Infinitely Many Solutions of a Pair of Linear Equations

Video Explanation

Question

Find the values of \(a\) and \(b\) for which the following system of linear equations has infinitely many solutions:

\[ (2a-3)x – 3y = 5, \qquad 3x + (b-2)y = 3 \]

Solution

Step 1: Write in Standard Form

\[ (2a-3)x – 3y – 5 = 0 \quad (1) \]

\[ 3x + (b-2)y – 3 = 0 \quad (2) \]

Step 2: Identify Coefficients

From equations (1) and (2),

\[ a_1 = 2a-3, \quad b_1 = -3, \quad c_1 = -5 \]

\[ a_2 = 3, \quad b_2 = b-2, \quad c_2 = -3 \]

Step 3: Condition for Infinitely Many Solutions

A pair of linear equations has infinitely many solutions if

\[ \frac{a_1}{a_2} = \frac{b_1}{b_2} = \frac{c_1}{c_2} \]

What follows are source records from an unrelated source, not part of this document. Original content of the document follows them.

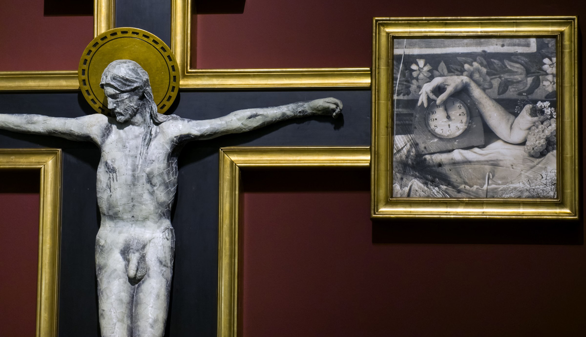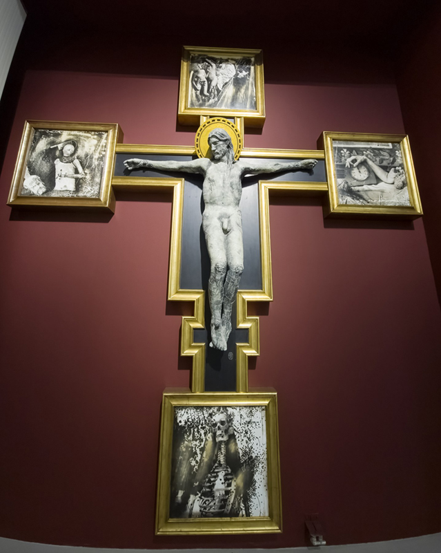 Joel-Peter Witkin & Cynthia Bency-Witkin: Detail z instalace Krucifix (1987, fotografie na olovu). Z výstavy Rozbitý svět v pražském Centru současného umění DOX, foto: ČT art – Josef Chuchma Z jiného Nového světa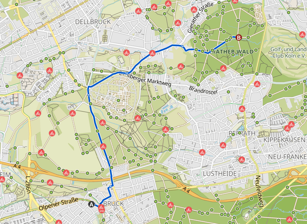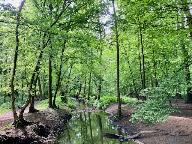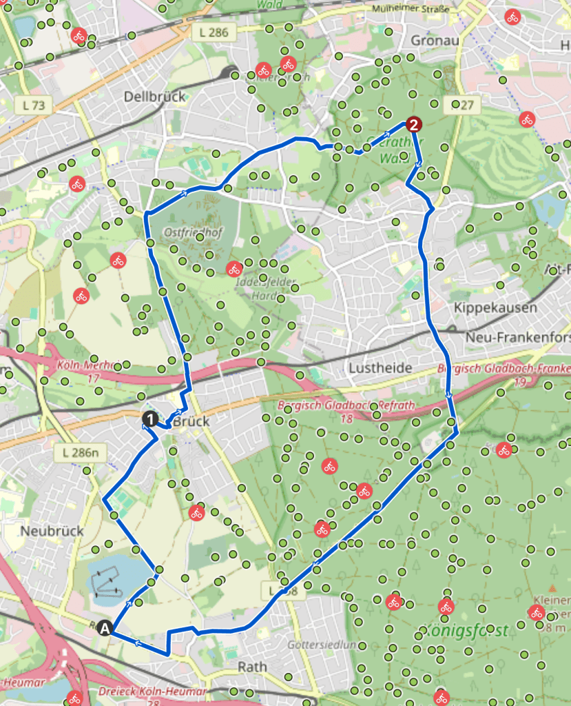 Nachdem ich also Pfingstmontag mit bloggen fertig war und die Nachbarn schon lauthals am feiern, bin ich zum Inder nach Brück gefahren, und wollte nach dem Essen mein sträflich vernachlässigtes Rad etwas bewegen. Den Gierather Wald habe ich wohl schon ab und zu durchquert, aber so wirklich angeschaut noch nicht. Ich habe also – was ich selten mache – am Handy auf Komoot einen Punkt gesetzt „kleiner Teich im Gierather Wald“ und wollte mich führen lassen.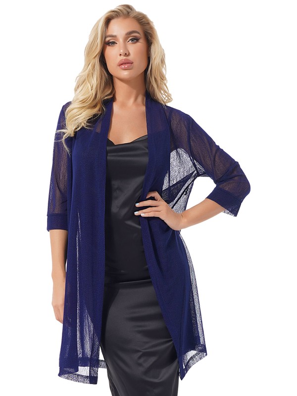 Featuring with semi see-through, 3/4 sleeve, open front design.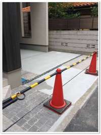 狭い敷地を利用しての駐車スペースですので、邪魔にならないように機能門柱を使用しました。木目調で少しかわいらしさもあるタイプです。アプローチにはインターロッキングを敷き目地でアクセントをつけました。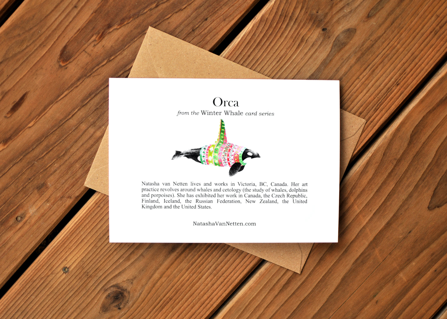 This playful card features an orca wearing a cozy, knit, winter sweater. The original illustration was hand drawn using pen and ink and the sweater was painted using watercolour — combining both science and whimsy. This card is the perfect way to spread some cheer!

Step 4: Apply the Condition

\[ \frac{c_1}{c_2} = \frac{-5}{-3} = \frac{5}{3} \]

So,

\[ \frac{2a-3}{3} = \frac{5}{3} \quad \text{and} \quad \frac{-3}{\,b-2\,} = \frac{5}{3} \]

Step 5: Find the Value of a

\[ 2a – 3 = 5 \]

\[ 2a = 8 \]

\[ a = 4 \]

Step 6: Find the Value of b

\[ -9 = 5(b-2) \]

\[ -9 = 5b – 10 \]

\[ 5b = 1 \]

\[ b = \frac{1}{5} \]

Conclusion

The given system of equations has infinitely many solutions for:

\[ \boxed{a = 4, \quad b = \frac{1}{5}} \]

\[ \therefore \quad 5x – 3y = 5 \text{ and } 3x – \frac{9}{5}y = 3 \text{ represent the same line.} \]